--- DATA FOR THE TASK Enclosed Below ---

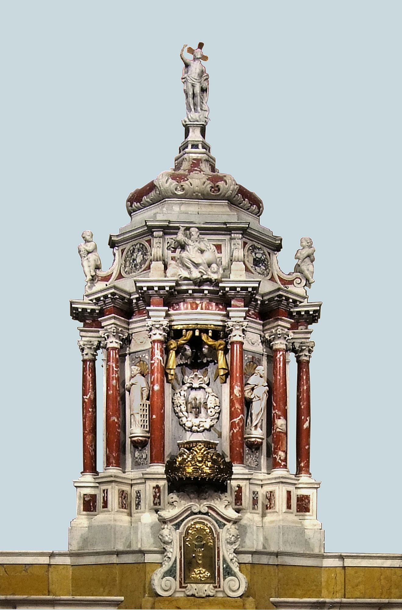 L’alzata è costituita dal tabernacolo in marmi policromi, a forma di tempietto decagono e ottagono nel tamburo, con sei colonnine corinzie addossate agli spigoli. Lo spazio tra le colonne è occupato da due nicchie con le statuine di San Lorenzo e San Giacomo. Al centro, sotto un tendaggio, il monogramma cristologico contornato da una ghirlanda. Sulla trabeazione aggettante a cornici spezzate poggiano Dio Padre con globo e angioletti, mentre altri due angioletti, seduti ai lati delle volute, reggono spighe e grappoli d’uva. Conclude la composizione un cupolino a cipolla molto schiacciata, suddiviso in spicchi da foglie di acanto ascendenti, con la figura del Risorto sulla sommità. A completamento, la portella del tabernacolo e la bandierina del Redentore realizzate dall’orefice Antonio Nascenti di Udine nel 1735.
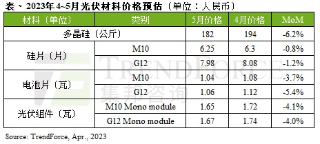 光伏组件方面,尽管上游硅料价格降至每公斤200人民币以内,但成本下降带来的利润空间多被截流在硅片和电池片环节,故光伏组件价格暂时尚未明显下滑,实际成交价仍维持在每瓦约1.75人民币。但从近期招标项目的光伏组件报价来看,部分厂商为了销售而低价抢单,故基本都已降至每瓦1.7人民币以下,TrendForce集邦咨询预计至第三季光伏组件价格才会全线回归正常区间,每瓦约1.6人民币。
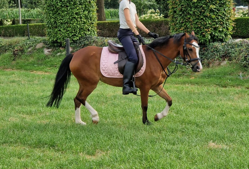 Schöne fünfjährige Welsh-Stute (Celeste), Stockmaß 1,17 m. Blackhill Domino x Sunshine Zoë Wird verkauft aufgrund eines Wechsels auf eine D-Pony. Unsere jüngere Tochter möchte auch gerne reiten, hat aber noch keine Erfahrung, und dafür ist dieses Pony noch zu jung und etwas temperamentvoll. Wir suchen daher für sie ein etwas älteres, erfahrenes Pony (ein Tausch gegen ein erfahrenes B- oder C-Pony ist ebenfalls möglich). Die elfjährige Tochter hat ein Jahr lang Freizeit geritten, Springen und Ausritte unternommen, aber keine Turniere, da sie für dieses Pony eigentlich etwas zu groß war. Deshalb ist sie jetzt auf ein größeres Pony umgestiegen. Das Pony muss jedoch wieder aufgebaut werden, da es im letzten Jahr kaum geritten wurde, daher ist es auch preislich günstig. Das Pony stand eine Zeit lang alleine, ist aber deutlich glücklicher mit einem Artgenossen, weshalb das unsere bevorzugte Lösung ist. Tagsüber steht es mit anderen Ponys auf der Weide, nachts in der Stallung. Aufgrund einer leichten Anfälligkeit für Hufrehe ist die Weidezeit im Frühjahr eingeschränkt.
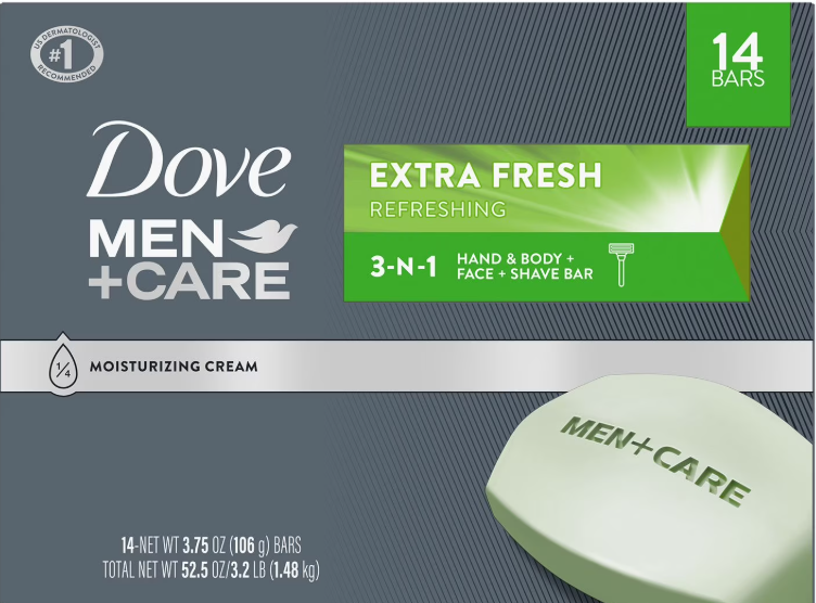 Dove Men+Care Body and Face Bar Soap, Extra Fresh, 3.75 oz.
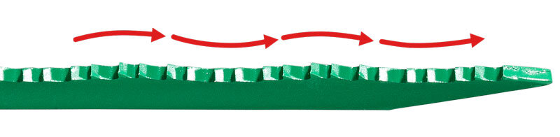 広いピッチの歯と狭いピッチの歯を交互に配置することで、耐久性と切れ味を両立しました。
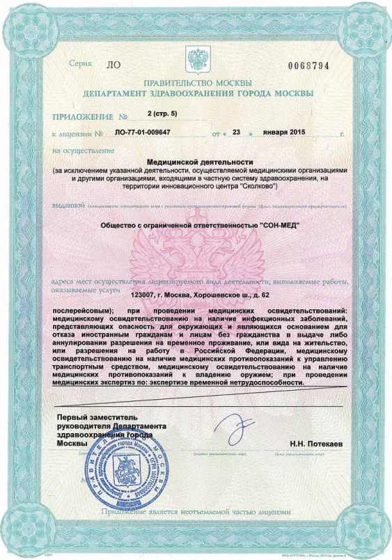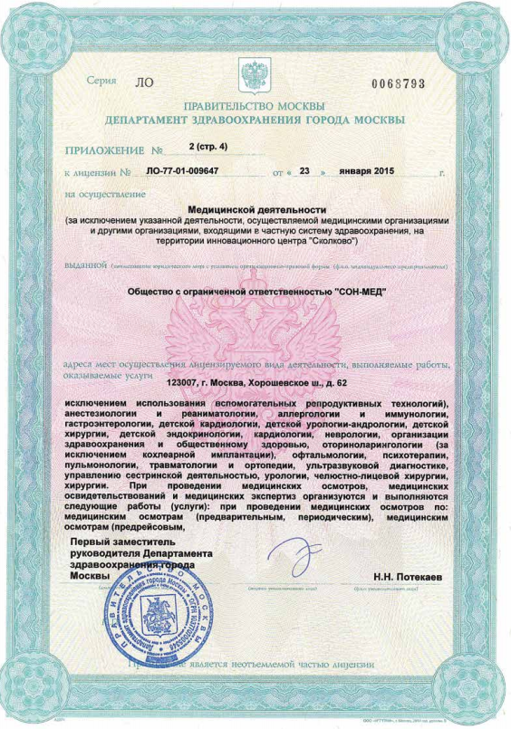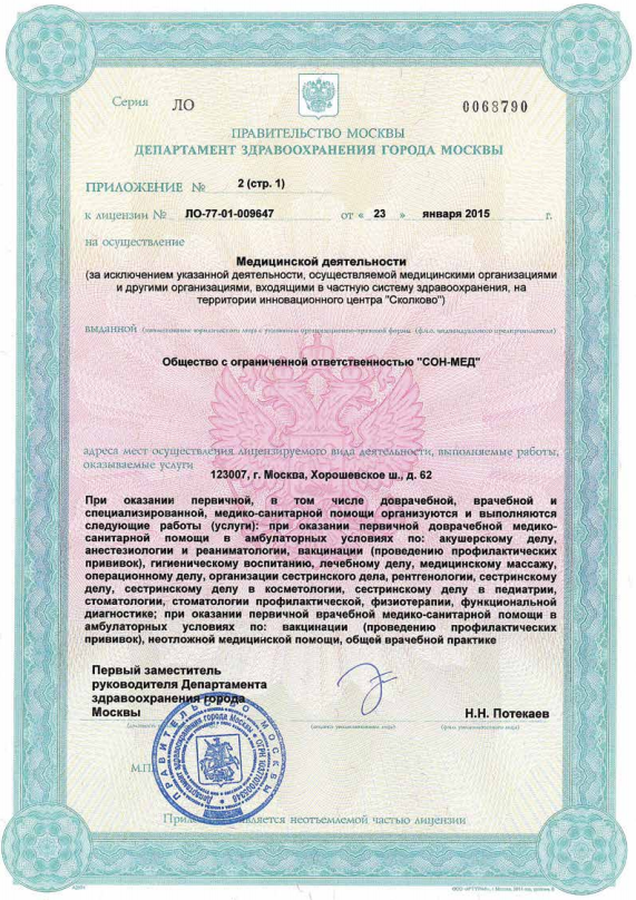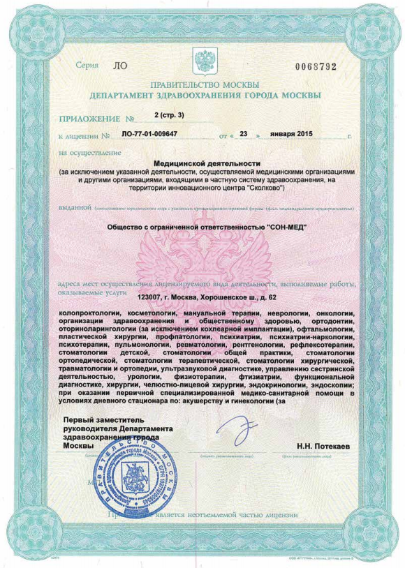 В клинике Медлайн-Сервис на Хорошёвском шоссе принимают врачи, с большим опытом, среди которых кандидаты наук, врачи высшей категории. Принимаем взрослых и детей с рождения. Для установления точного диагноза есть возможность пройти диагностику: УЗИ, ДС (дуплексное сканирование), 3D УЗИ, 4D УЗИ, гастроскопию, ЭХОКГ, рентген, спирометрию, суточное мониторирование АД, Суточное ЭКГ мониторирование (по Холтеру), ЭКГ, ЭЭГ, гистероскопию, колоноскопию, кольпоскопию, ректороманоскопию, цистоскопию, эзофагогастродуоденоскопия (ЭФГДС). А также, при необходимости, пройти лабораторную диагностику - анализы крови, мочи и других биоматериалов. В стоматологическом отделении есть отдельный рентген-кабинет, где также установлен ортопантомограф. Для удобства наших пациентов врачи могут выехать на дом к пациенту. Также доступны услуги медицинской сестры на дому, лабораторная диагностика и даже УЗИ на дому.

--- End of Enclosed DATA FOR THE TASK ---

WHAT YOU WILL DO: Your copy should be the entries retyped exactly, with no images in it.

EXERCISE SOLUTION:
 L’alzata è costituita dal tabernacolo in marmi policromi, a forma di tempietto decagono e ottagono nel tamburo, con sei colonnine corinzie addossate agli spigoli. Lo spazio tra le colonne è occupato da due nicchie con le statuine di San Lorenzo e San Giacomo. Al centro, sotto un tendaggio, il monogramma cristologico contornato da una ghirlanda. Sulla trabeazione aggettante a cornici spezzate poggiano Dio Padre con globo e angioletti, mentre altri due angioletti, seduti ai lati delle volute, reggono spighe e grappoli d’uva. Conclude la composizione un cupolino a cipolla molto schiacciata, suddiviso in spicchi da foglie di acanto ascendenti, con la figura del Risorto sulla sommità. A completamento, la portella del tabernacolo e la bandierina del Redentore realizzate dall’orefice Antonio Nascenti di Udine nel 1735.
 光伏组件方面,尽管上游硅料价格降至每公斤200人民币以内,但成本下降带来的利润空间多被截流在硅片和电池片环节,故光伏组件价格暂时尚未明显下滑,实际成交价仍维持在每瓦约1.75人民币。但从近期招标项目的光伏组件报价来看,部分厂商为了销售而低价抢单,故基本都已降至每瓦1.7人民币以下,TrendForce集邦咨询预计至第三季光伏组件价格才会全线回归正常区间,每瓦约1.6人民币。
 Schöne fünfjährige Welsh-Stute (Celeste), Stockmaß 1,17 m. Blackhill Domino x Sunshine Zoë Wird verkauft aufgrund eines Wechsels auf eine D-Pony. Unsere jüngere Tochter möchte auch gerne reiten, hat aber noch keine Erfahrung, und dafür ist dieses Pony noch zu jung und etwas temperamentvoll. Wir suchen daher für sie ein etwas älteres, erfahrenes Pony (ein Tausch gegen ein erfahrenes B- oder C-Pony ist ebenfalls möglich). Die elfjährige Tochter hat ein Jahr lang Freizeit geritten, Springen und Ausritte unternommen, aber keine Turniere, da sie für dieses Pony eigentlich etwas zu groß war. Deshalb ist sie jetzt auf ein größeres Pony umgestiegen. Das Pony muss jedoch wieder aufgebaut werden, da es im letzten Jahr kaum geritten wurde, daher ist es auch preislich günstig. Das Pony stand eine Zeit lang alleine, ist aber deutlich glücklicher mit einem Artgenossen, weshalb das unsere bevorzugte Lösung ist. Tagsüber steht es mit anderen Ponys auf der Weide, nachts in der Stallung. Aufgrund einer leichten Anfälligkeit für Hufrehe ist die Weidezeit im Frühjahr eingeschränkt.
 Dove Men+Care Body and Face Bar Soap, Extra Fresh, 3.75 oz.
 広いピッチの歯と狭いピッチの歯を交互に配置することで、耐久性と切れ味を両立しました。
 В клинике Медлайн-Сервис на Хорошёвском шоссе принимают врачи, с большим опытом, среди которых кандидаты наук, врачи высшей категории. Принимаем взрослых и детей с рождения. Для установления точного диагноза есть возможность пройти диагностику: УЗИ, ДС (дуплексное сканирование), 3D УЗИ, 4D УЗИ, гастроскопию, ЭХОКГ, рентген, спирометрию, суточное мониторирование АД, Суточное ЭКГ мониторирование (по Холтеру), ЭКГ, ЭЭГ, гистероскопию, колоноскопию, кольпоскопию, ректороманоскопию, цистоскопию, эзофагогастродуоденоскопия (ЭФГДС). А также, при необходимости, пройти лабораторную диагностику - анализы крови, мочи и других биоматериалов. В стоматологическом отделении есть отдельный рентген-кабинет, где также установлен ортопантомограф. Для удобства наших пациентов врачи могут выехать на дом к пациенту. Также доступны услуги медицинской сестры на дому, лабораторная диагностика и даже УЗИ на дому.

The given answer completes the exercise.